Пристань «Кавказа и Меркурия», сплошь залитая народом, составляет часть бывшего астраханского порта, который на 15 лет передан в пользование обществу. Каспийская флотилия здесь была основана еще при Алексее Михайловиче. В 1722 году, Петр лично наметил пункт для порта, на месте слияния р. Кутума с Волгою, где неподалеку была прежде Осударева пристань мореходных судов. Тем не менее, через четыре года, порт начали устроивать, но в другом месте, там, где он находится и теперь. В то время здесь был Сретенский монастырь Долбило, около которого в Волгу впадала р. Скаржинка, омывавшая стены кремля. Теперь от Скаржинки остался только мелководный заливчик. Порт составляет единственно прохладное место среди астраханского пекла. Тут массы зелени, тенистые аллеи, канавки… дышать можно! Здесь же чуть не единственная на всю Астрахань купальня. Направо и налево большие здания, амбары, мастерские. Везде видно крупное и кипучее дело. Из конторы в контору снует деловой люд. Тут, словно налитый матрасинским вином, бурдюкообразный армянин сдает свой груз судовому приказчику, юлою охаживающему неповоротливого мастодонта; там бойкий саратовский мещанин, рассыпая тысячи острот и прибауток, приторговывается к лещу, судаку. Капитаны пароходов озабоченно суетятся между пристанями; кучка зачем-то попавших сюда с живодновского судна эмбенских рыболовов разлеглась в тени громадных вязов и спит себе спокойно среди общей суеты и страшного зноя.

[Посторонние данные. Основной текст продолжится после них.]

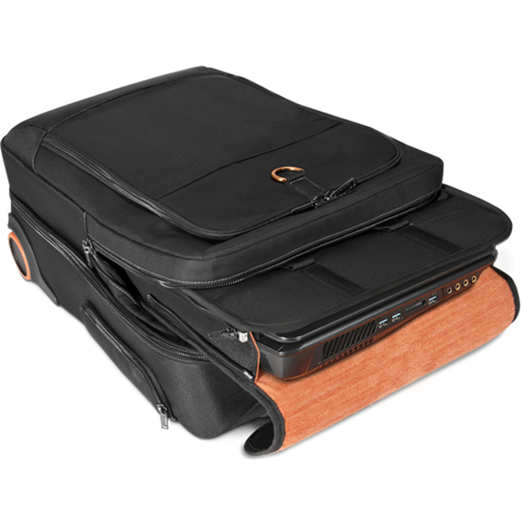 If you're looking for a rolling solution for an 18.4-inch laptop, you've found it in the Titan Laptop Trolley. Because a large laptop may be difficult to travel with - we've designed the Titan Trolley to fit the most beefy laptop, with the ease and agility of a trolley, and is sleek enough to carry on board. With places to put all your peripherals, and our signature orange interior, you'll be able to find them easily and quickly - even in a dimly lit cabin. Also, take other equipment along, like a small projector and an iPad Pro/tablet. Plus, with the Titan Trolley, the bag will pass through security quickly and easily with its removable laptop sleeve. Look no further. The Titan Laptop Trolley is all this and more.

Но вот картина, которую, пожалуй, только в Астрахани и увидишь. Через час должна отвалить пароходная баржа «Арагва» в море; до Бирючьей косы доведет ее пароход «Поспешный», а там пассажиров примет большой морской пароход «Михаил». В ожидании отплытия, под теми же вязами расположилась кучка народу и азартно играет в дураки. Всех их пять человек, и все пятеро принадлежат к разным племенам рода человеческого. Молодой, красивый лезгин, возвращающийся через Петровск в Дагестан, худощавый, с масляными глазками, армянин, толстый еврей, обуглившийся ленкоранский персиянин и русский. Как они сошлись вместе, «в одну артель», чтоб сыграться в дураки, что их свело — Господь ведает. И как разные национальности сказываются здесь! Персиянин, точно каменный, сдает и покрывает, не смея вступаться в споры. Еврей норовит заглянуть в карты к соседу, русский, сохраняя полнейшее хладнокровие, подваливает невозможные тройки, вроде шестерки, семерки и восьмерки одной и той же масти, армянин кипятится и азартно хохочет при каждом удачном ходе, и только лезгин оказывается добродушнее всех. Его не выигрыш или проигрыш, а сам процесс игры занимает. Под конец остался он с персиянином. У лезгина козырный туз и простая карта. Его ход. Смотрим, с простой пошел. Персиянин спасся.

— Что ж ты его не оставил? — сокрушается русский.
— А гхароший человек, абидна дураком оставаться! — гортанным голосом объяснил дагестанец и улыбнулся, показав нам ровные и удивительно красивые белые зубы.

Царство пыли. — Улицы. — Персидские базары. — Торговля Астрахани

Я оставил пароход позднее других пассажиров, да к тому же еще купаться вздумал. Благодаря этому обстоятельству, извозчиков я уже не нашел. Мне предстоял немалый путь по улицам Астрахани под жгучим солнцем. На каждой я высматривал извозчика — нет как нет, и только через пять или шесть улиц, в конец утомленный и испеченный, наткнулся на возницу столь несчастного и растерзанного вида, что перед ним самый затрапезный, желтоглазый ванька с Выборгской стороны явился бы британским лордом, поразил бы его своим великолепием.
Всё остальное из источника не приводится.